'''

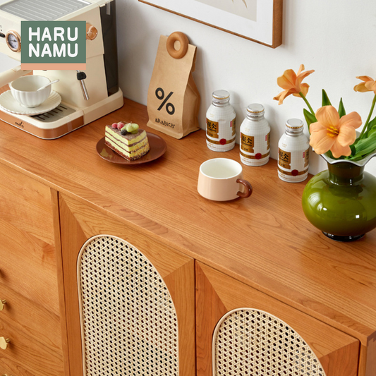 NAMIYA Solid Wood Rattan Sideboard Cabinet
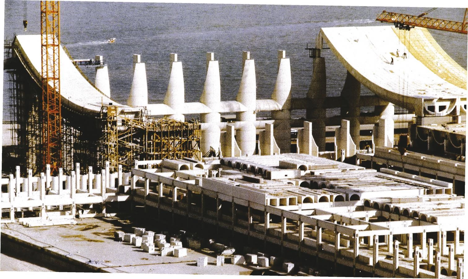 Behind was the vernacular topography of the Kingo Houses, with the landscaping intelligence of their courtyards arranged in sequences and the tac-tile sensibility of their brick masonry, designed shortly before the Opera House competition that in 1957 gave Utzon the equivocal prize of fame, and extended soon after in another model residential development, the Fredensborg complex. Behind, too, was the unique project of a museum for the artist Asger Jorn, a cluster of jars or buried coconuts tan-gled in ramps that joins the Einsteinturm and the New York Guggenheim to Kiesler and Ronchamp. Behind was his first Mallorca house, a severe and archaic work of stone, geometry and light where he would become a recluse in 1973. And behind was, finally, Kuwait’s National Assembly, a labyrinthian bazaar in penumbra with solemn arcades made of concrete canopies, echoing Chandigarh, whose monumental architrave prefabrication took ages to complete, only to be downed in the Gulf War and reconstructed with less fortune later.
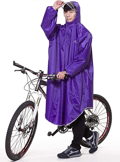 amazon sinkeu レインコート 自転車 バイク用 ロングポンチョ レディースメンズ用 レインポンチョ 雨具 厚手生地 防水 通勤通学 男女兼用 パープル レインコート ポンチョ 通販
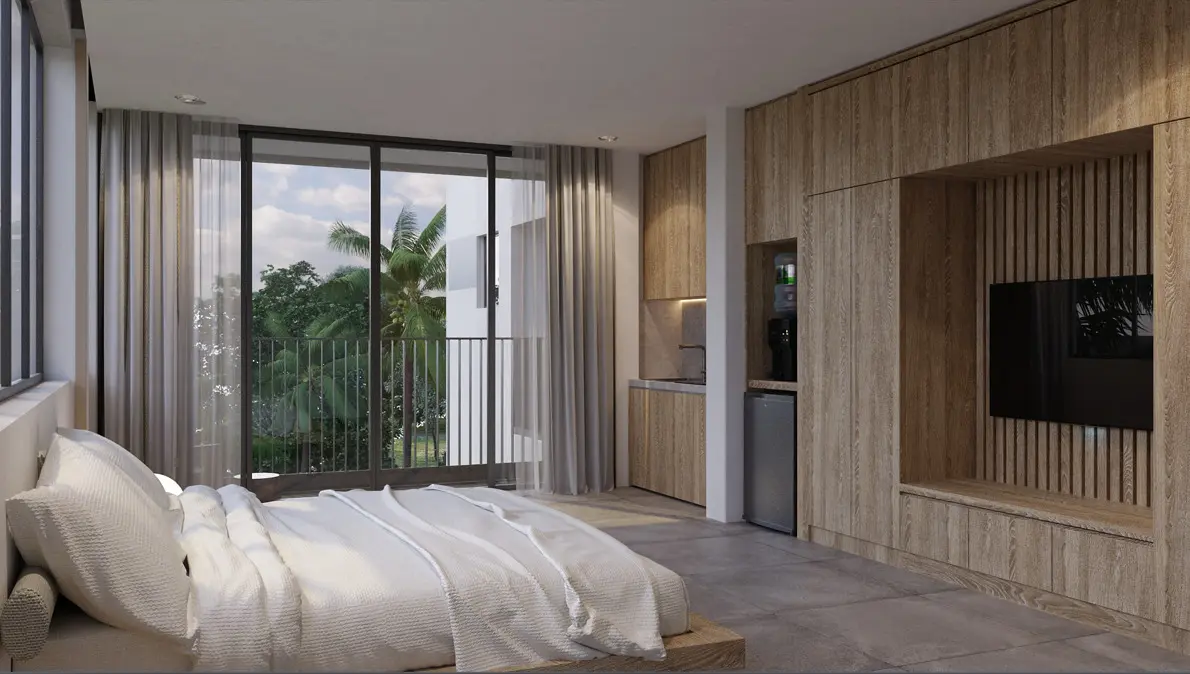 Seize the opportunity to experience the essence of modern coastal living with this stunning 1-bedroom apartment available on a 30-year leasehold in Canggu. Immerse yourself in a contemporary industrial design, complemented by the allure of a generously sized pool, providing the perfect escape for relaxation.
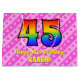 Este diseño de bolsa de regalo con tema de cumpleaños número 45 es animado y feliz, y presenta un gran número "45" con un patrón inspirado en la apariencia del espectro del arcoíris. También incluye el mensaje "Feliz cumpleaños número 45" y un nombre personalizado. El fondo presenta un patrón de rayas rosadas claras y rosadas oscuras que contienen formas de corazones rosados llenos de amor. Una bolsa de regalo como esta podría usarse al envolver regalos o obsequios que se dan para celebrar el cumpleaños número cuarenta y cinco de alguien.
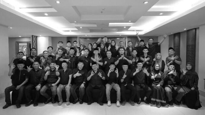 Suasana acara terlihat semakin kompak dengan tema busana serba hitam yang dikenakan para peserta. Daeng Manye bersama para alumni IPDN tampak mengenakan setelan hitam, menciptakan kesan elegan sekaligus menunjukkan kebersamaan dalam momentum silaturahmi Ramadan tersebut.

'''

_The problem_
Strip the images and reproduce the remaining records precisely.

_Exercise solution_
 NAMIYA Solid Wood Rattan Sideboard Cabinet
 Behind was the vernacular topography of the Kingo Houses, with the landscaping intelligence of their courtyards arranged in sequences and the tac-tile sensibility of their brick masonry, designed shortly before the Opera House competition that in 1957 gave Utzon the equivocal prize of fame, and extended soon after in another model residential development, the Fredensborg complex. Behind, too, was the unique project of a museum for the artist Asger Jorn, a cluster of jars or buried coconuts tan-gled in ramps that joins the Einsteinturm and the New York Guggenheim to Kiesler and Ronchamp. Behind was his first Mallorca house, a severe and archaic work of stone, geometry and light where he would become a recluse in 1973. And behind was, finally, Kuwait’s National Assembly, a labyrinthian bazaar in penumbra with solemn arcades made of concrete canopies, echoing Chandigarh, whose monumental architrave prefabrication took ages to complete, only to be downed in the Gulf War and reconstructed with less fortune later.
 amazon sinkeu レインコート 自転車 バイク用 ロングポンチョ レディースメンズ用 レインポンチョ 雨具 厚手生地 防水 通勤通学 男女兼用 パープル レインコート ポンチョ 通販
 Seize the opportunity to experience the essence of modern coastal living with this stunning 1-bedroom apartment available on a 30-year leasehold in Canggu. Immerse yourself in a contemporary industrial design, complemented by the allure of a generously sized pool, providing the perfect escape for relaxation.
 Este diseño de bolsa de regalo con tema de cumpleaños número 45 es animado y feliz, y presenta un gran número "45" con un patrón inspirado en la apariencia del espectro del arcoíris. También incluye el mensaje "Feliz cumpleaños número 45" y un nombre personalizado. El fondo presenta un patrón de rayas rosadas claras y rosadas oscuras que contienen formas de corazones rosados llenos de amor. Una bolsa de regalo como esta podría usarse al envolver regalos o obsequios que se dan para celebrar el cumpleaños número cuarenta y cinco de alguien.
 Suasana acara terlihat semakin kompak dengan tema busana serba hitam yang dikenakan para peserta. Daeng Manye bersama para alumni IPDN tampak mengenakan setelan hitam, menciptakan kesan elegan sekaligus menunjukkan kebersamaan dalam momentum silaturahmi Ramadan tersebut.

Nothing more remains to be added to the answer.